Lorsque Selim Fourniret découvre les crimes de ses parents, il est "écœuré" par le "vrai visage" de sa mère qu'il qualifie désormais de "manipulatrice". "Pour moi c’était pas une victime, une complice", insiste-t-il devant la cour d'assises, évoquant "le pacte" conclut entre Michel Fourniret et Monique Olivier lors de leurs échanges épistolaires au début de leur rencontre. "Elle avait conscience de ce qui se passait, elle a signé", déplore-t-il. Depuis, il n'a plus pris contact avec elle.

Selim Fourniret a été utilisé comme appât à son insu par Michel Fourniret et Monique Olivier. "Pendant 15 ans, j'ai vécu avec des acteurs, devant moi ils ne parlaient pas de ce qu’ils avaient fait, c’était acteur papa, acteur maman", poursuit Selim Fourniret. Son témoignage était d'autant plus attendu qu'il était adolescent au moment du dernier meurtre du couple diabolique, celui d'Estelle Mouzin. Une ancienne co-détenue de Monique Olivier a raconté que cette dernière lui avait confié que Selim avait aperçu la petite fille de neuf ans quand elle était séquestrée à leur domicile.
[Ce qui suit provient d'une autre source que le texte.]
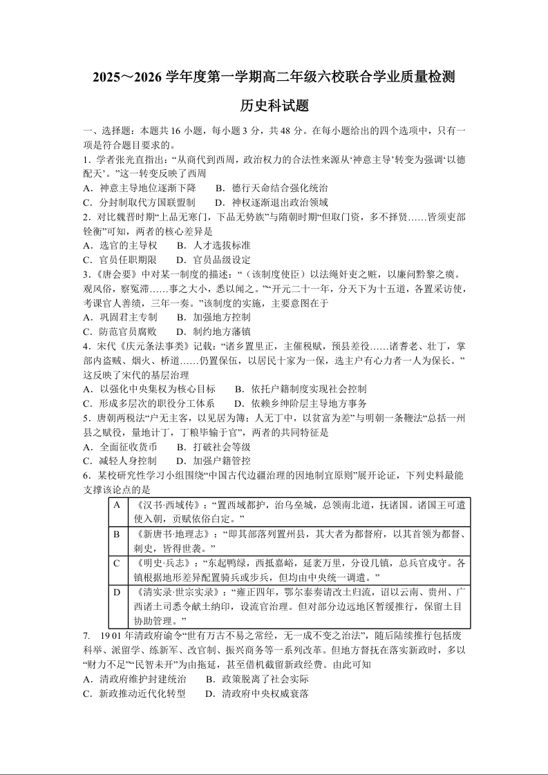 广东省六校2025-2026学年高二上学期12月联合学业质量检测 历史试题(含答案).docx
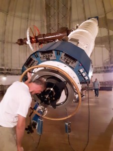 After we observed the six objects, they brought the lights up and a bunch of us took pics with the scope. I got someone to take a couple of me, one looking at the camera and one looking into the eyepiece. The second is a pretty stupid picture, of course, because (1) the lights were on (2) the dome was closed (3) the scope was no longer even pointed at the shutters, all of which is plainly apparent. Oh well. The first one is a good picture. The evening ended pretty unceremoniously. I don’t remember if anyone even said, “Good night, thanks for coming.” It was just okay, that’s it, here’s the stair down to the door. Scientists are not always sentimental.
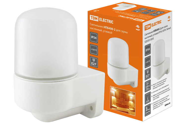 Светильник НПБ400-2 для сауны настенный, угловой, IP54, 60 Вт, белый, TDM
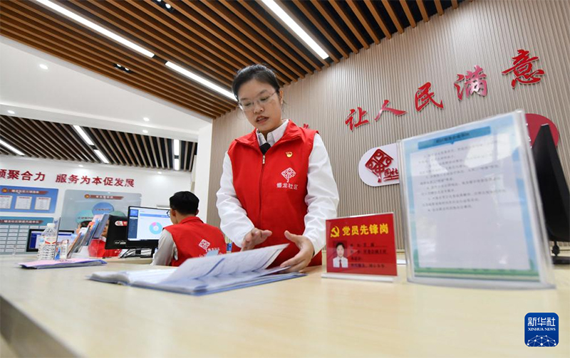 在廣西南寧市蟠龍社區(qū),工作人員在為居民服務(wù)(2023年12月14日攝)。(新華社記者 黃孝邦/攝)

"Je n'ai jamais vu la petite fille", assure-t-il. "Je ne remets pas en cause le témoignage mais je n'ai pas de souvenir."

"Je l'aime toujours"

De ce témoignage, on ressent une certaine culpabilité. "J’aimerais bien me rappeler et en même temps j’aimerais bien oublier", souffle-t-il. Selim Fourniret a bien tenté des méthodes pour "révéler des souvenirs enfouis" et donner des réponses aux familles. "Régulièrement j’essaie de repenser à cette période passée pour apporter des éléments de réponse aux proches mais rien ne me revient", explique-t-il.
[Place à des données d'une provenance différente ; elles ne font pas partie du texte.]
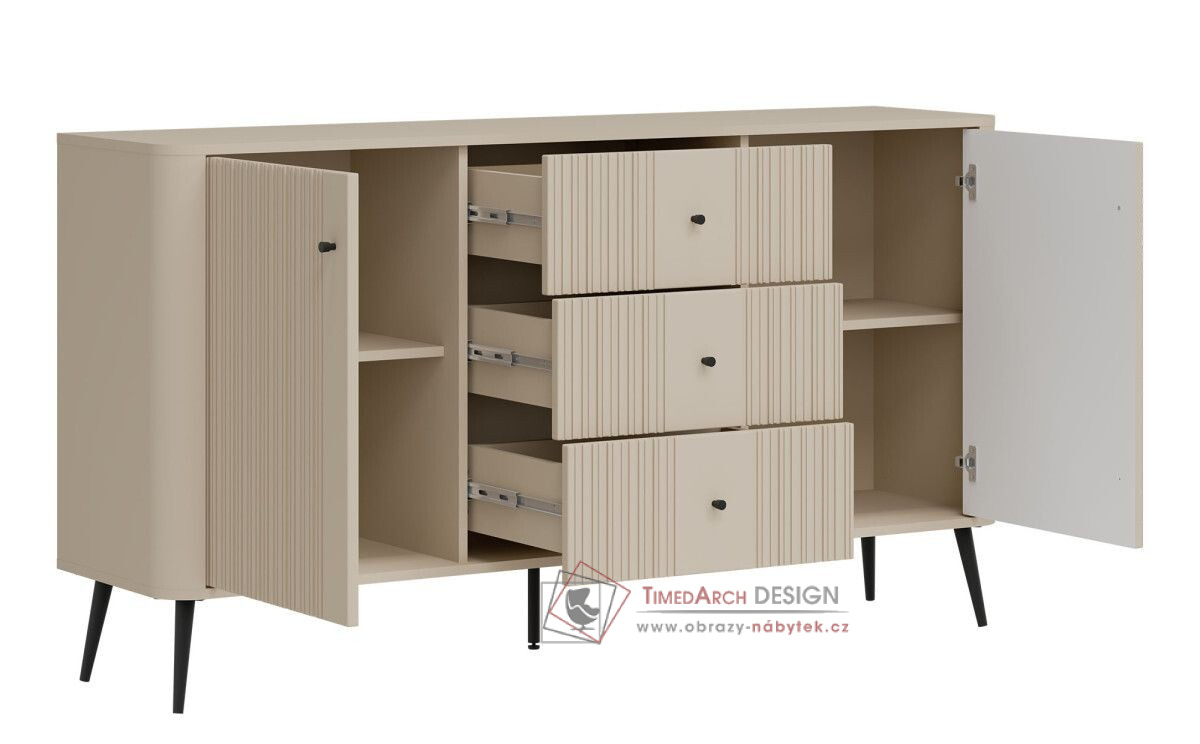 Svislé drážky na čelních stěnách dodávají nábytku vytříbenou texturu a přitahují pozornost svou jedinečnou strukturou. Zaoblené boky propůjčují kolekci jemný a harmonický vzhled, který dokonale doplňuje moderní interiéry. Černé kovové nohy a úchytky kontrastují s teplým kašmírovým odstínem a vytvářejí stylový a nadčasový efekt. Tento nábytek je dokonalou kombinací funkčnosti a estetiky, která promění jakýkoli prostor. Vitríny z této kolekce lze vybavit přídavným LED osvětlením, které zvýrazňuje jejich krásu a dodává interiéru jedinečnou atmosféru.
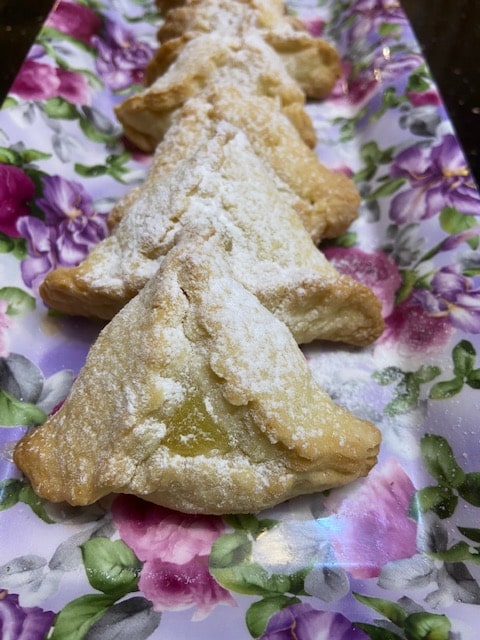 Let me start by saying that hamantaschen are a hotly contested cookie in our home. It’s about the filling. I could eat the poppy seed filled ones all day but DH is much less of a fan. So I said, okay, date? The face wasn’t pretty. Chocolate? I won’t say he said ewww but hey, we are married more than 40 years. Not a happy camper. So for the first time in many months, my daughter Rach came over with her kids and we made the hamantaschen together as an activity. I squirreled away a smaller half (if you get me) of the dough for us. Not being a fool, I asked beforehand what the filling of choice was for them. Nutella she said. So be it. NOT for the hubby. (Hence hiding my dough). So while we made pizzas together and the hamantaschen, which were a huge hit, I said eureka! I will make for hubby and me lemon filling.
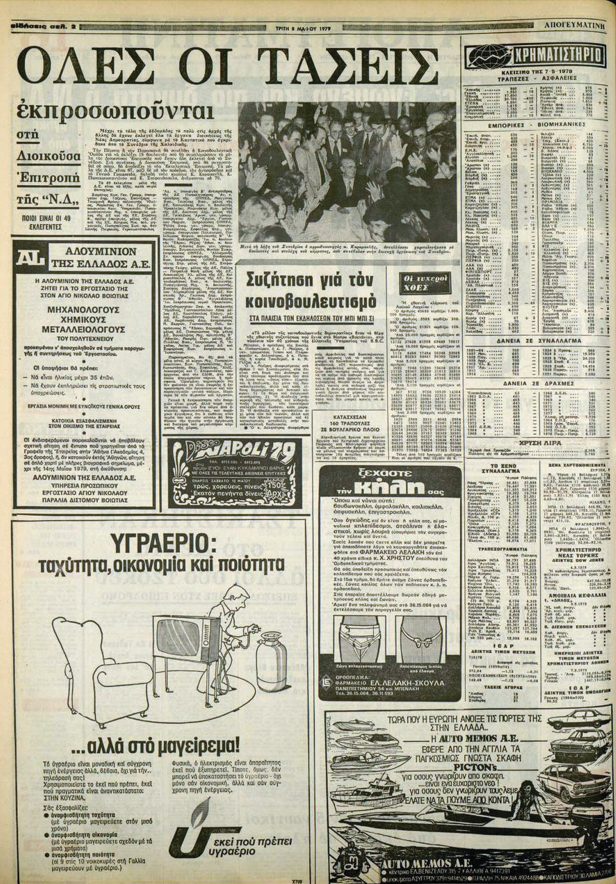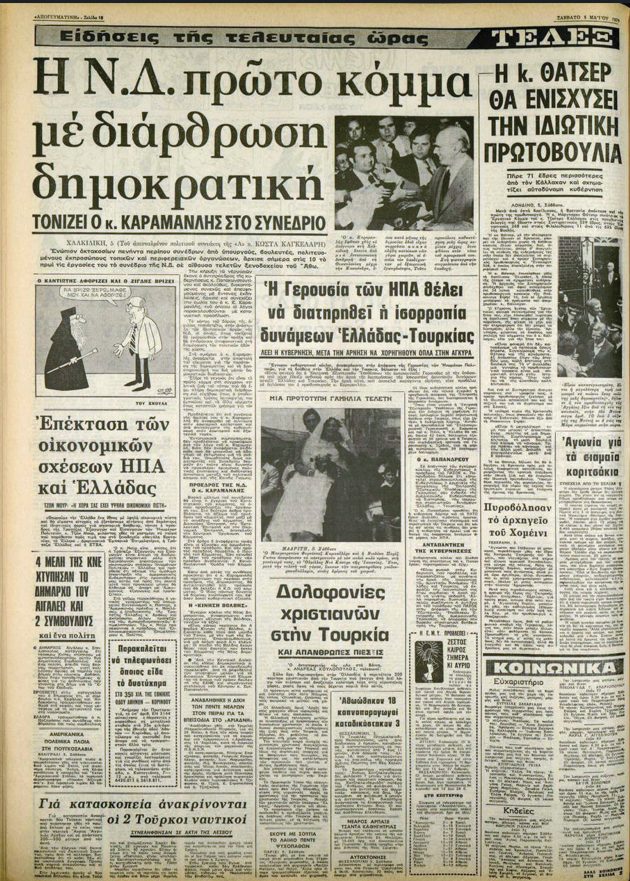 Ο απεσταλμένος στην Κασσάνδρα της Χαλκιδικής πολιτικός συντάκτης της «Α», Κώστας Καγκελάρης, με πλούσιο ρεπορτάζ στην εφημερίδα μετέφερε τις εξελίξεις από το ιστορικό 1ο Συνέδριο της ΝΔ, όπου όπως γράφει το Σάββατο 5 Μαΐου 1979: «Ενώπιον 850 περίπου συνέδρων… άρχισε σήμερα στις 10 το πρωί τις εργασίες του το συνέδριο της Νέας Δημοκρατίας… Την κήρυξη των εργασιών έκανε ο αντιπρόεδρος της κυβερνήσεως Κ. Παπακωνσταντίνου και ακολούθως διακοπτόμενος συνεχώς και επευφημούμενος με έντονες εκδηλώσεις άρχισε και συνεχίζει την ομιλία του ο Κωνσταντίνος Καραμανλής, του οποίου οι λόγοι παρακολουθούνται με κατανυκτική προσήλωση». Στο 1ο Συνέδριο της ΝΔ εγκρίθηκαν ομόφωνα όλες οι ιδεολογικές αρχές τις οποίες εισηγήθηκε ο Κωνσταντίνος Καραμανλής και ορίστηκε η ιδεολογική ταυτότητα της Νέας Δημοκρατίας ως κόμματος του ριζοσπαστικού φιλελευθερισμού που αναγνωρίζει την ελευθερία της αγοράς με ρυθμιστική, ωστόσο, παρέμβαση του κράτους για λόγους κοινωνικής δικαιοσύνης. «Ο Κωνσταντίνος Καραμανλής έφτασε χθες το απόγευμα στη Χαλκιδική έπειτα από μια εντυπωσιακή διαδρομή από τη Θεσσαλονίκη μέχρι την Κασσάνδρα, όπου κατά μήκος της δημόσιας οδού είχαν συρρεύσει πυκνά πλήθη κατοίκων των γύρω γύρω χωριών, οι οποίοι τον υποδέχτηκαν με εξαιρετική εγκαρδιότητα. Τούτο προκάλεσε καθυστέρηση μιας ώρας περίπου μέχρις ότου φτάσει στον προορισμό του», έγραφε η λεζάντα που συνόδευσε τη φωτογραφία του Κωνσταντίνου Καραμανλή από τη θερμή υποδοχή του στη Χαλκιδική.

Alors Selim Fourniret implore "Monique" ou la "Monique". "Dehors personne ne t’attend, qu’est-ce que tu as caché? N’essaie pas de protéger tes enfants, on est grand", lui lance-t-il. "Tu n’as pas à me faire la morale", rétorque Monique Olivier, sévèrement. Avant de se radoucir et enfin, peut-être, faire apparaître des sentiments. "Il ne m’aime plus mais moi je sais que je l’aime toujours", souffle Monique Olivier qui n'a pas quitté des yeux son fils pendant près de trois heures.

"Maman peut avoir de l’éloquence (...) c’est une mère, elle sait ce que c’est d’avoir des enfants et de les aimer", tente Selim Fourniret dans un dernier espoir d'obtenir la vérité sur les crimes commis. "Vous nous raconterez?", demande un avocat. L'accusée, qui sera entendue jeudi sur les faits concernant l'enlèvement d'Estelle Mouzin, répond par l'affirmative.